Codeforces 688E The Values You Can Make【Dp】

E. The Values You Can Make

time limit per test

2 seconds

memory limit per test

256 megabytes

input

standard input

output

standard output

Pari wants to buy an expensive chocolate from Arya. She has n coins, the value of the i-th coin is c_i. The price of the chocolate is k, so Pari will take a subset of her coins with sum equal to k and give it to Arya.

Looking at her coins, a question came to her mind: after giving the coins to Arya, what values does Arya can make with them? She is jealous and she doesn't want Arya to make a lot of values. So she wants to know all the values x, such that Arya will be able to make x using some subset of coins with the sum k.

Formally, Pari wants to know the values x such that there exists a subset of coins with the sum k such that some subset of this subset has the sum x, i.e. there is exists some way to pay for the chocolate, such that Arya will be able to make the sum x using these coins.

Input

The first line contains two integers n and k (1  ≤  n, k  ≤  500) — the number of coins and the price of the chocolate, respectively.

Next line will contain n integers c₁, c₂, ..., c_n (1 ≤ c_i ≤ 500) — the values of Pari's coins.

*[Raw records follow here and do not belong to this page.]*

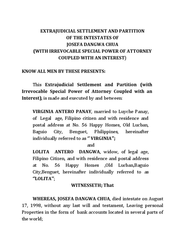 Extrajudicial Settlement Dangwa Power Of Attorney Banks
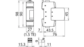 Descargador de sobretensiones unipolar y modular con la tensión del varistor asignada Umov = 750 V AC, compuesto por una base y un módulo de protección enchufable; con fusible previo integrado y contacto de señalización remota para el dispositivo de vigilancia (contacto conmutado libre de potencial).
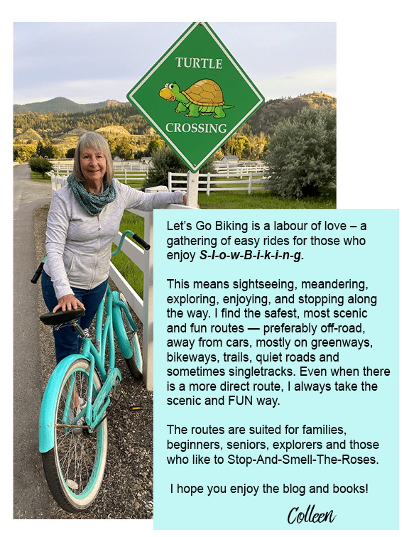 You can reach me at colleen@letsgobiking.net with questions, comments, ideas and photos.
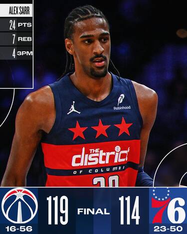 Washington mette subito in chiaro chi ha più voglia di vincere, chiudendo un primo quarto da 45 punti avanti di 16 lunghezze e poi piazzando un altro parziale da 11-0 in apertura di ripresa, tenendo duro fino alla vittoria. I 24 punti del rookie Alex Sarr servono agli ospiti per interrompere una striscia di cinque sconfitte in fila, mentre sono sei i ko consecutivi accumulati dai Sixers — che non vanno oltre i 22 punti del solito Quentin Grimes (9 in fila sopra quota 22) e i 21 di Guershon Yabusele
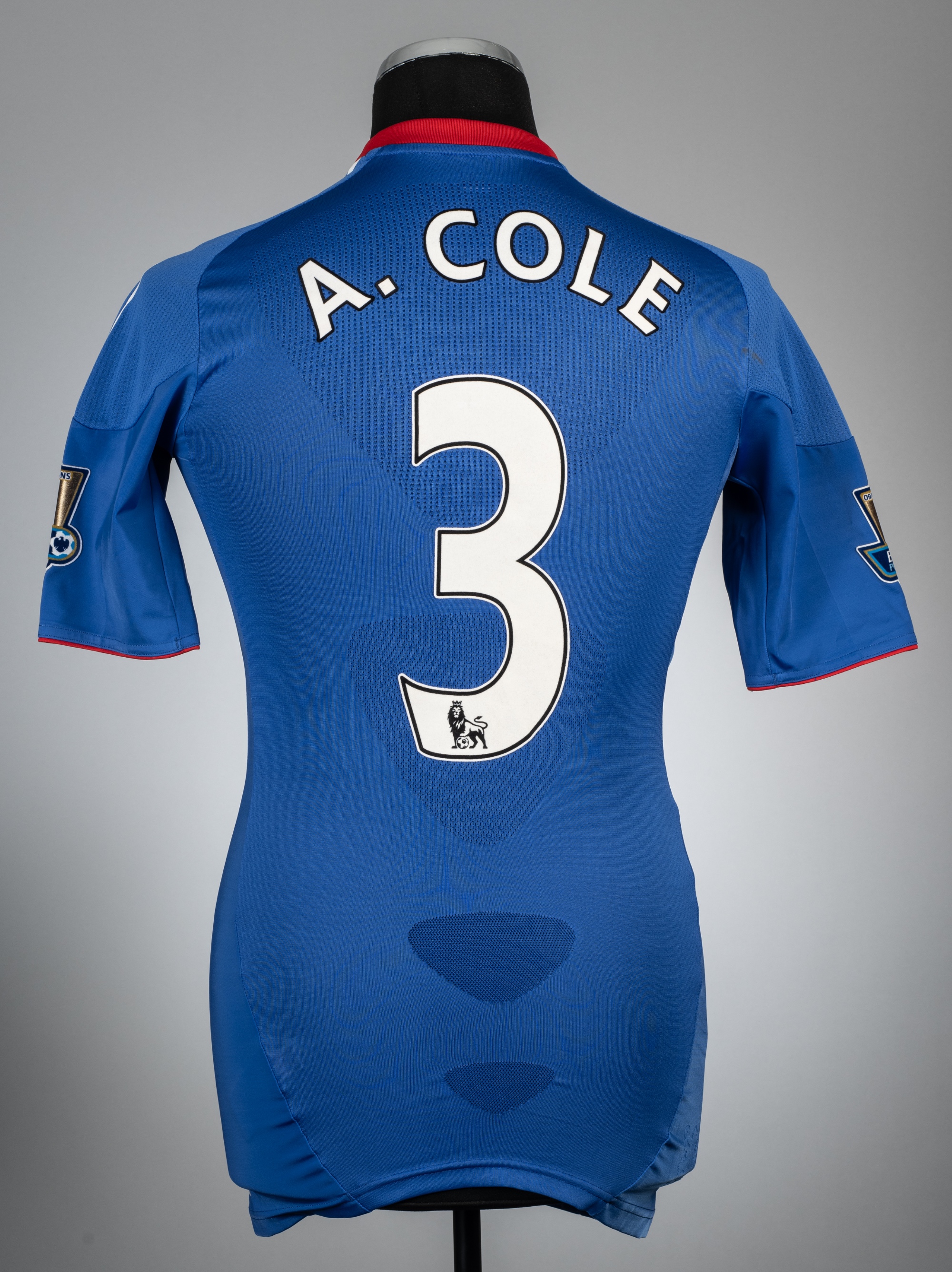 Ashley Cole blue Chelsea no.3 home jersey, season 2010-11, Adidas, player issued short-sleeved with BARCLAYS PREMIER LEAGUE 09/10 CHAMPIONS sleeve badges, club crest and sponsor logo, reverse lettered A. COLE, size S
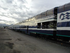 上の写真はアンカレッジ発の5両編成列車ですが展望車やレストランカーも接続されていてクルーズ前後に米国1高い山マッキンリー山の観光や自然が手付かずに保存されているデナリ公園に向かいます。
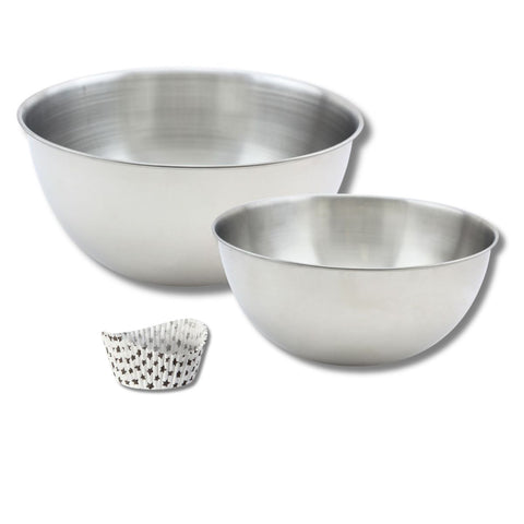 Découvrez ce lot de pâtisserie comprenant 50 moules à muffins en papier motif étoile, un bol à mixer inox de 25 cm, un bol à mixer inox de 20,5 cm, et une spatule en silicone de 25 cm. Parfait pour vos créations sucrées et salées!
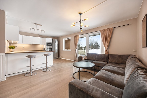 Leiligheten ligger i første etasje og har en åpen og sosial planløsning mellom stue og kjøkken, samt to hyggelige soverom og et bad som ble pusset opp i 2019. Fra stuen er det utgang til en stor terrasse som blir en flott forlengelse av boligen. Dette er et perfekt hjem for deg som verdsetter nærhet til både natur og byens fasiliteter. Området er ypperlig for barnefamilier, da det er både barnehager og skoler i alle trinn innen kort avstand.
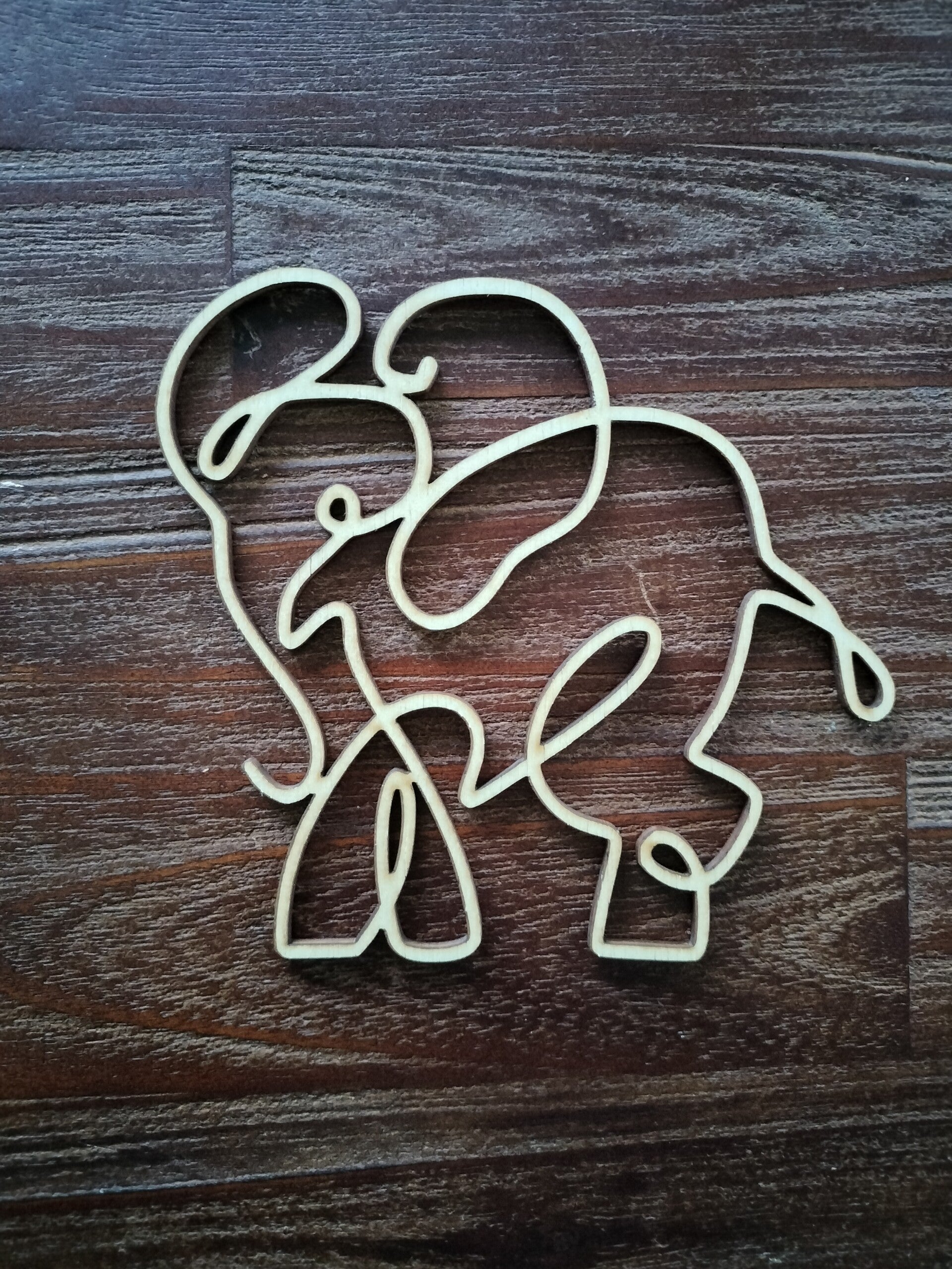 Zeer leuke olifant, ditmaal geen geometrische vorm, maar een mooi lijnenspel.Te verkrijgen in diverse maten .30 cm x 28 cm 40 cm x 38 cm50 cm x 47 cmNog groter?
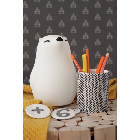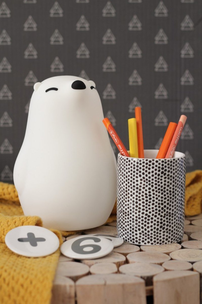 PUFI to miękka dziecięca lampka w kształcie uroczego misia polarnego. Odpędza wszelkie lęki głębokiej nocy. Po dotknięciu misia dioda LED zmienia kolor lub intensywność światła.

It's guaranteed that one can make value k using these coins.

Output

First line of the output must contain a single integer q— the number of suitable values x. Then print q integers in ascending order — the values that Arya can make for some subset of coins of Pari that pays for the chocolate.

Examples

Input

6 18
5 6 1 10 12 2

Output

16
0 1 2 3 5 6 7 8 10 11 12 13 15 16 17 18 

Input

3 50
25 25 50

Output

3
0 25 50 

题目大意：

给你N个数值，再给你一个值K.每个数值只能用一次.问你能够组成数值K的集合S.其任意组合出来的值的集合有多少个数，分别都是什么。

思路：

经典的01背包思维。

设定dp【i】【j】表示组合值目标为K的集合已经凑成数字i.是否能够通过组合出来数字i的一些数来组合出来j.

dp【i】【j】=1表示可以，0表示不可以。

那么初始化dp【0】【0】=1；

接下来两层for维护dp【】【】；经典的01背包思维。

Ac代码：

#include<stdio.h>
#include<string.h>
#include<iostream>
using namespace std;
int ans[505];
int a[505];
int dp[505][505];
int main()
{
    int n,k;
    while(~scanf("%d%d",&n,&k))
    {
        for(int i=0;i<n;i++)scanf("%d",&a[i]);
        memset(dp,0,sizeof(dp));
        dp[0][0]=1;
        for(int z=0;z<n;z++)
        {
            for(int i=k;i>=0;i--)
            {
                for(int j=k;j>=0;j--)
                {
                    if(i>=a[z])
                    dp[i][j]=max(dp[i][j],dp[i-a[z]][j]);
                    if(i>=a[z]&&j>=a[z])
                    dp[i][j]=max(dp[i][j],dp[i-a[z]][j-a[z]]);
                }
            }
        }
        int cnt=0;
        for(int i=0;i<=k;i++)
        {
            if(dp[k][i]>0)
            {
                ans[cnt++]=i;
            }
        }
        printf("%d\n",cnt);
        for(int i=0;i<cnt;i++)
        {
            printf("%d ",ans[i]);
        }
        printf("\n");
    }
}